Abstract
Objective
Few coding variants in genes associated with type 2 diabetes (T2D) have been identified, and the underlying physiologic mechanisms whereby susceptibility genes influence T2D risk are often unknown. The objective of this study was to identify coding variation that increases risk for T2D via an effect on a pre-diabetic trait.
Design and Methods
Whole exome sequencing was done in 177 Pima Indians. Selected variants (N=345) were genotyped in 555 subjects characterized for body fatness, glucose disposal rates during a clamp, acute insulin response to glucose, and 2-hour plasma glucose concentrations during an OGTT, and were also genotyped in up to 5,880 subjects with longitudinal measures of BMI. Variants associated with quantitative traits were assessed for association with T2D in 7,667 subjects.
Results
rs7238987 in CYB5A associated with body fatness (p=7.0×10−6). This SNP and a novel SNP in RNF10 also associated with maximum recorded BMI (p=6.2×10−7 and p=7.2×10−4) and maximum childhood BMI z-score (p=5.9×10−4 and p=8.5×10−7). The BMI increasing alleles increased risk for T2D (p= 0.01; OR=1.13 [1.03–1.24] and 9.5×10−3, OR=1.49 [1.10–2.02]).
Conclusions
CYB5A, which has a role in stearyl-CoA-desaturase activity, and RNF10, with an unknown role in weight regulating pathways, associated with adiposity and nominally increased risk for T2D in American Indians.
Keywords: BMI, Exome sequencing, RNF10, CYB5A, SCD1
Introduction
T2D is heritable, and prior genome-wide association studies have identified common, non-coding variants associated with this disease (1). However, the actual functional variant and the affected metabolic pathway that leads to T2D are often unknown. Body fatness, insulin secretory dysfunction and insulin resistance predict T2D, and their relative hazard ratios (95% CI) are 1.80 (1.29–2.51), 2.33 (1.49–3.70) and 1.64 (1.25–2.00) in Pima Indians (2). To identify potentially functional variants that affect metabolic traits known to increase risk for T2D, we used whole exome sequencing to detect coding variation that associates with a pre-diabetic trait, and then assessed whether the variant is associated with T2D.

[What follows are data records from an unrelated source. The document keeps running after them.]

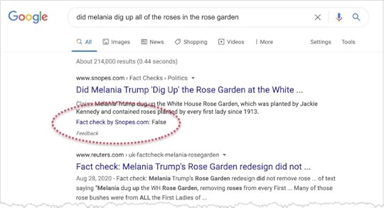 Here are some examples of fact-check labels when they appear. Since they’re sometimes not obvious, I’ve highlighted them so you’ll spot them next time you run across one in your searching.
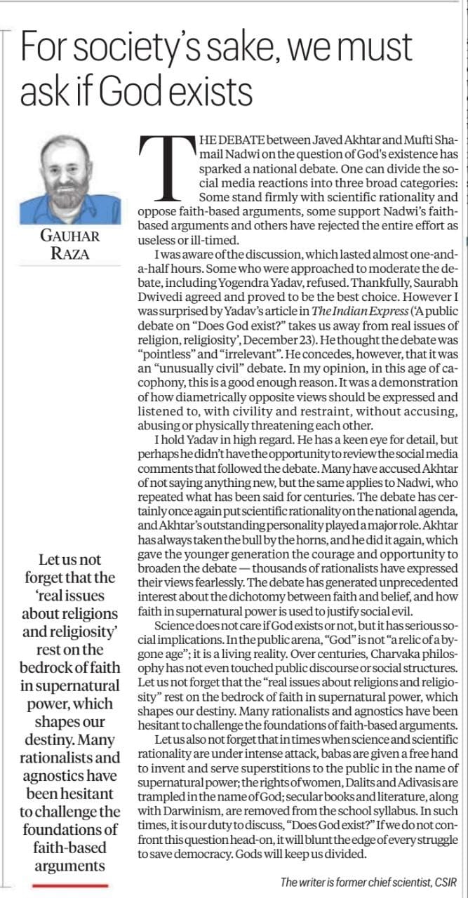 जवळजवळ दीड तास चाललेल्या चर्चेची मला जाणीव होती. योगेंद्र यादव यांच्यासह काहींनी वादविवादाचे नियंत्रण करण्यासाठी नकार दिला. सुदैवाने, सौरभ द्विवेदी यांनी सहमती दर्शवली आणि ते सर्वोत्तम पर्याय असल्याचे सिद्ध झाले. तथापि, यादव यांच्या द इंडियन एक्सप्रेसमधील लेखाने मला आश्चर्य वाटले ('"देव अस्तित्वात आहे का?" यावरील सार्वजनिक चर्चा आपल्याला धर्म, धार्मिकतेच्या वास्तविक मुद्द्यांपासून दूर नेते, २३ डिसेंबर). त्यांना वाटले की ही चर्चा "निरर्थक" आणि "असंबद्ध" होती. तथापि, ते मान्य करतात की ही एक "असामान्यपणे नागरी" वादविवाद होती. माझ्या मते, या गोंधळाच्या युगात, हे पुरेसे कारण आहे. एकमेकांवर आरोप, शिवीगाळ किंवा शारीरिक धमकी न देता, सभ्यता आणि संयमाने, पूर्णपणे विरुद्ध विचार कसे व्यक्त केले पाहिजेत आणि ऐकले पाहिजेत याचे ते एक प्रदर्शन होते.
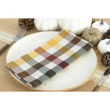 PurpleEssences Buffalo Plaid Cloth Napkins - Mitered Corners - Fall Thanksgiving Gingham Check Dinner Napkin - Set of 12-100% Cotton - 18x18 Inch - Reusable Washable - Harvest
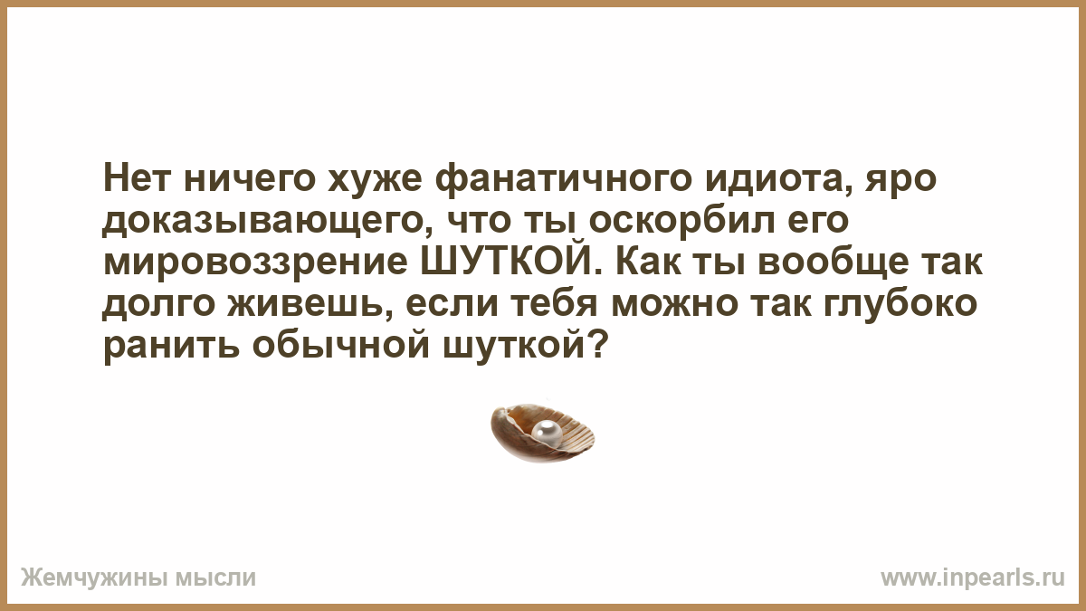 Нет ничего хуже фанатичного идиота, яро доказывающего, что ты оскорбил его мировоззрение ШУТКОЙ. Как ты вообще так долго живешь, если тебя можно так глубоко ранить обычной шуткой?
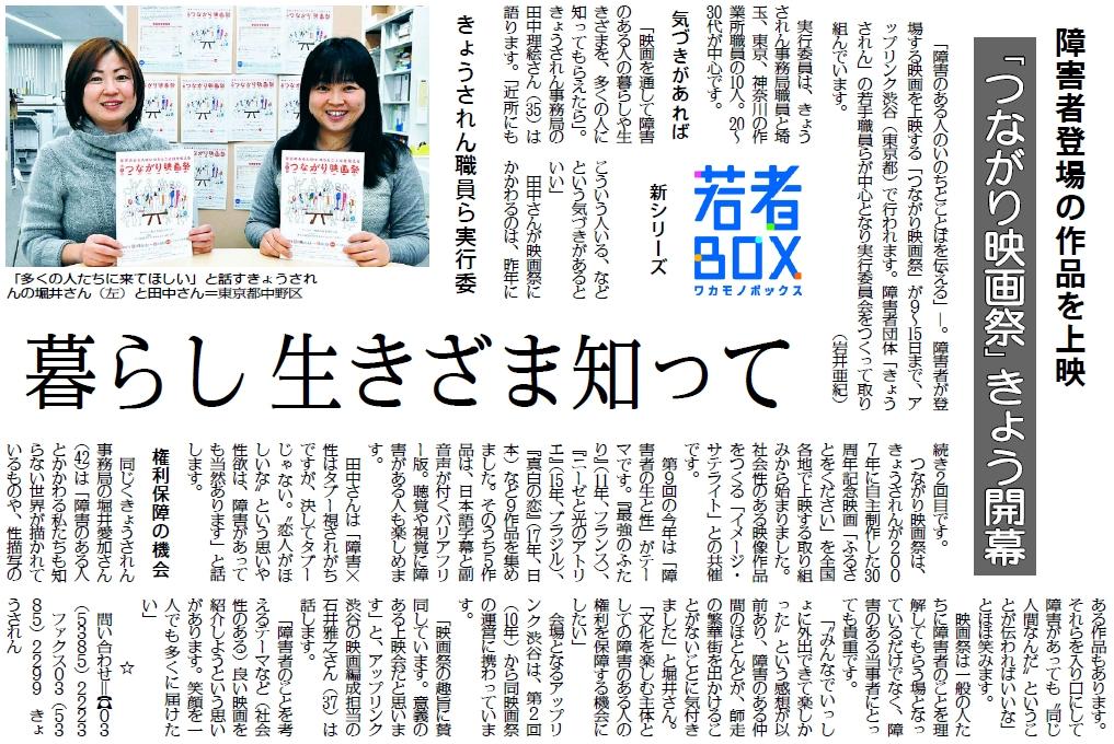 ・「つながり映画祭」きょう開幕/障害者登場の作品を上映/きょうされん職員ら実行委(12月09日)

Research Design and methods
Study participants and phenotypes
Subjects for Sample 1 genotyping (N=555; 92% were full heritage Pima Indian) were non-diabetic inpatients metabolically characterized in our Clinical Research Center (Table S1). A subset of Sample 1 (N=177 full heritage non-diabetic Pima Indians from different nuclear families) was used for exome sequencing, but all follow-up data was derived from re-genotyped variants in the entire Sample 1. Percent body fatness (PFAT) was measured by underwater weighing (n=305) or total body dual energy X-ray absorptiometry (n=250; DPX-L Lunar Radiation, Madison, WI, USA); measurements using the two methods were made comparable using a previously derived equation (3). Plasma glucose levels (2-hr glucose) were measured at 120 minutes following ingestion of 75g glucose. Insulin action (M) was assessed at physiological insulin concentrations during a hyperinsulinemic–euglycemic clamp with simultaneous glucose tracers (4).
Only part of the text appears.